HSM Ammunition

Frequently Asked Questions

Posted on August 8, 2018
As with the 45 Colt, the 45-70 cartridge goes back a long way. There are still many vintage and of course replica firearms available in this chambering.

It also is officially a low pressure round and only select firearms are capable of handling the pressures of modern +P ammunition including our Bear Load.

Firearms capable of shooting our 45-70 +P ammunition:

Marlin 1895
Ruger #1
Browning 1885 High Wall

Keep in mind that some lever action firearms may have problems with loading and/or feeding cartridges using the longer heavier bullets in the more powerful ammunition.

We get a lot of inquiries about firearms not listed. Unfortunately, we do not have any information about the suitability and safety of using +P ammunition in any other firearms. That is a determination that only the firearm manufacturer can make. If a firearm manufacturer goes on record stating their firearm can safely use +P ammunition we will add that model to our list.

One of the manufacturer’s responses we have seen (and received ourselves) is that +P is safe as long as it is within SAAMI pressure specs. This is a CYA response as +P (plus pressure) would by definition exceed SAAMI MAXIMUM average pressure of 28,000 CUP.

Because there are modern firearms that can safely shoot more powerful ammunition than the SAAMI limits, the firearm/ammunition industry has recognized three levels of ammunition for the 45-70. (Refer to Hodgdon’s load data.)

The first level is up to the actual SAAMI limit of 28,000 CUP. This is safe for vintage trapdoor and replica firearms when no other information is available.
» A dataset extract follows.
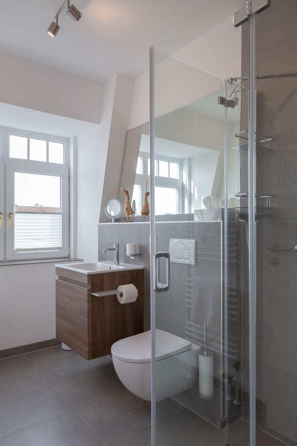 Das Badezimmer ist von Tageslicht durchströmt sind und empfängt Sie komfortabel mit einer ebenerdigen Dusche. Im Keller dieses Hauses befinden sich Waschmaschine und Trockner, welche sie kostenfrei nutzen können.

The second level can reach up to 40,000 CUP which far exceeds the SAAMI limit. This can only be used in the above listed firearms. This is the level of our +P ammunition.

The third level pushes the pressures up to 50,000 CUP. We do not manufacture this level of ammunition at this time.

Posted on August 8, 2018
The original 45 Colt cartridge was developed almost 150 years ago. The pressures developed by this cartridge were mild at 14,000 PSI Maximum Average Pressure. Even though modern firearms can and are being manufactured to handle much higher pressures, the official SAAMI standard for 45 Colt ammunition is still as originally produced.

Because of the vast numbers of vintage and replica firearms that can safely handle only ammunition loaded to the original ‘Cowboy Action’ level of pressures, shooters should never use any +P style ammunition in any firearm unless they are confident of the strength of that firearm.

Firearm manufacturers are understandably hesitant to claim their firearms are capable to safely shoot ammunition that exceeds SAAMI specifications since they probably do not know anything about that particular ammunition.

Our research into this issue has resulted in the following recommendations for firearms that we are confident can safely shoot our 45 Colt Bear Load +P and our other 45 Colt +P ammunition. Although shooters may claim other firearms can safely shoot this ammunition, unless the firearm manufacturers go on record stating that fact, we advise shooters to not use this ammunition in any other firearms.

45 Colt ammunition OTHER than Cowboy Action ammunition is for use ONLY in the OLD STYLE LARGE FRAME Ruger Blackhawk (post 1973, not the pre 1973 3-screw) including the ORIGINAL Ruger Vaquero and Ruger Bisley version of the Blackhawk, the Thompson/Center Contender, the Magnum Research BFR, or any firearm chambered in 454 Casull or 460 S&W including the Taurus Raging Judge.

It is NOT for the NEW STYLE SMALL FRAME Ruger Blackhawk and its variants like the NEW Vaquero or the New Flat-top Blackhawks.

It is NOT suitable for the Colt Single Action Army, Colt Cowboy, Colt Anaconda or Ruger Redhawk, Taurus Judge, any Smith and Wesson revolvers including the Governor or any vintage or replica firearms.

We have no information on any rifles that can safely shoot this ammunition at this time.

Posted on August 8, 2018
It is highly recommended to NOT shoot smokeless cartridges in vintage blackpowder firearms. Although the cartridge pressures may be listed as the same, the pressure curves are not. It’s not worth the risk when blackpowder cartridges are available.